Emily Ratajkowski Reveals She Quit Acting After Feeling Like a 'Piece of Meat' to Hollywood

Emily Ratajkowski told the Los Angeles Times she has given up acting because Hollywood made her feel like a "piece of meat." Her acting career began with the supporting role in David Fincher's Gone Girl, in which Ratajkowski portrayed Andie Fitzgerald, Nick Dunne's (Ben Affleck) student who is having an affair with him as well. After appearing in films such as We Are Your Friends and I Feel Pretty, she hasn't appeared in a movie since Lying and Stealing in 2019. "I didn't feel like, 'Oh, I'm an artist performing and this is my outlet,'" Ratajkowski said of quitting acting. "I felt like a piece of meat who people were judging, saying, 'Does she have anything else other than her [breasts]?'" 

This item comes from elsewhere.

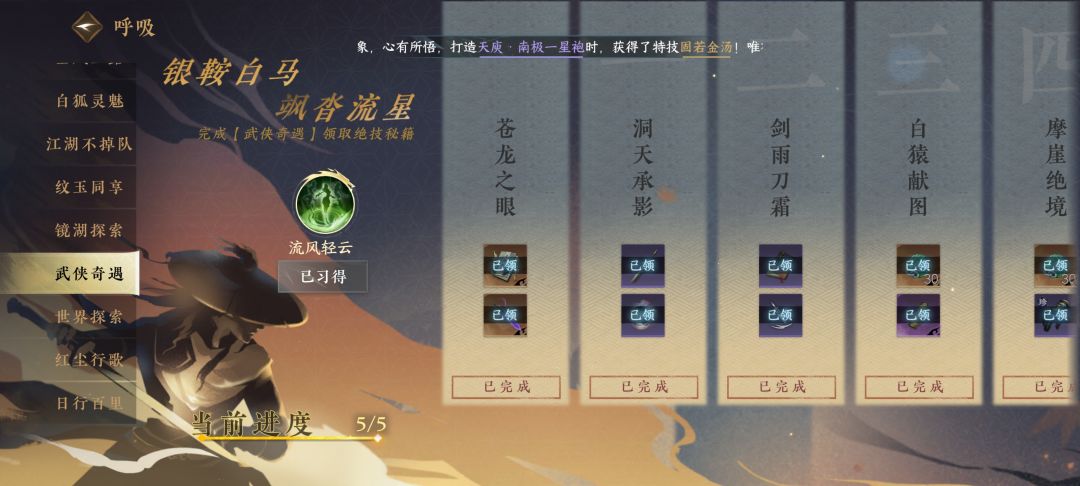 完成以上5个奇遇,即可获得5本虎钤经

In the aftermath of Gone Girl, Ratajkowski invested a lot of time and effort in finding roles demonstrating she was a "serious actress with longevity." Despite her efforts, Ratajkowski was only offered supporting roles, but it wasn't because she didn't try. While auditioning for films such as Ruben Stlund's Cannes winner and Oscar nominee Triangle of Sadness, she lost out to the late Charlbi Dean for the role of Yaya. After realizing working in Hollywood would mean making herself "digestible to powerful men," Ratajkowski fired her acting agent, commercial representative, and manager in early 2020. "I didn't trust them," Ratajkowski said. "I was like, 'I can handle receiving phone calls. I'm gonna make these decisions. None of you have my best interest at heart. And you all hate women.'"She once attended a WME party with her husband Sean Bear-McClard, whose agent, who was clearly drunk, told her she was "like Pamela Anderson before the hep C." The experience left Ratajkowski disillusioned with Hollywood.

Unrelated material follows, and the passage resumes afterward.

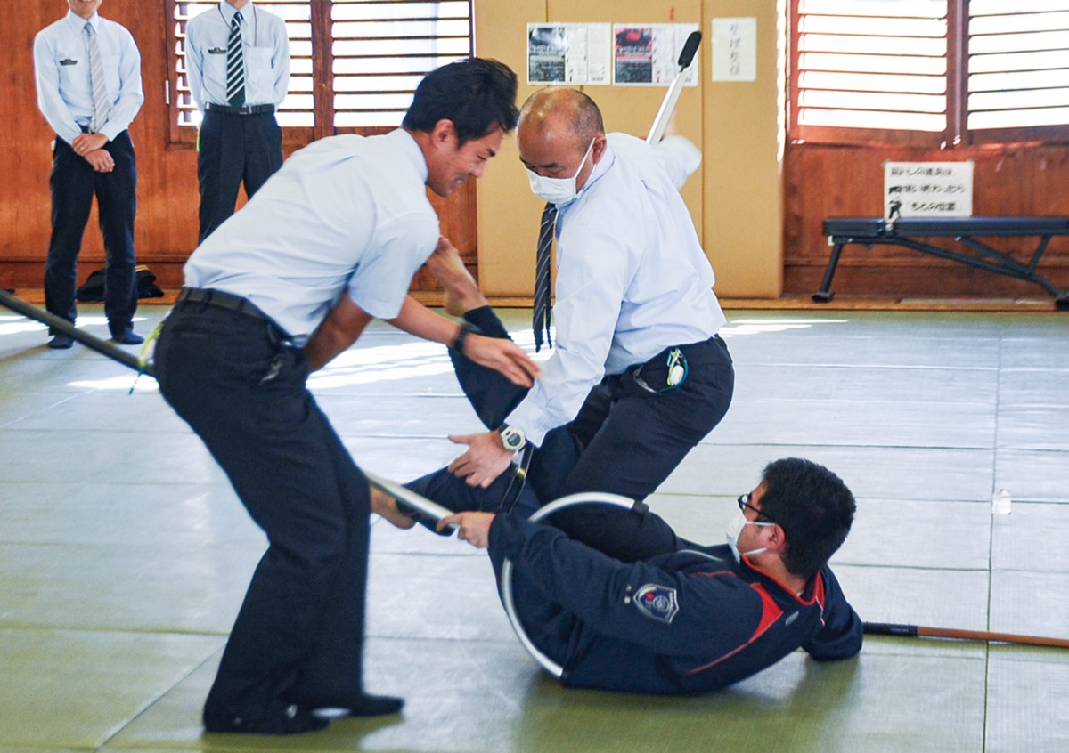 後半では刃物を持った犯人が暴れている場面を想定し、さすまたなどを使った対応訓練が行われた。

"I thought about the way that [Bear-McClard] had glided through the room, a room full of men who only two years before had been kissing Harvey Weinstein's ring and encouraging their young female clients to take meetings with him in hotel rooms," Ratajkowski wrote in an essay from her book, My Body. "I hated that my husband was at all connected to these men. "Maybe that's why right now I'm not really interested in men's POVs," Ratajkowski told the Los Angeles Times. "Because they were lies. And I don't mean infidelity. This is a fucked up world. Like, Hollywood is fucked up. And it's dark… I had a hard time even being at a party like that. But then having a part of me that was so connected to it was even harder." There is currently a contentious divorce and custody battle between Ratajkowski and Bear-McClard, who has been accused of sexual misconduct by several women in a Variety article published last month. Bear-McClard declined to comment at that time through a spokesperson in response to the allegations.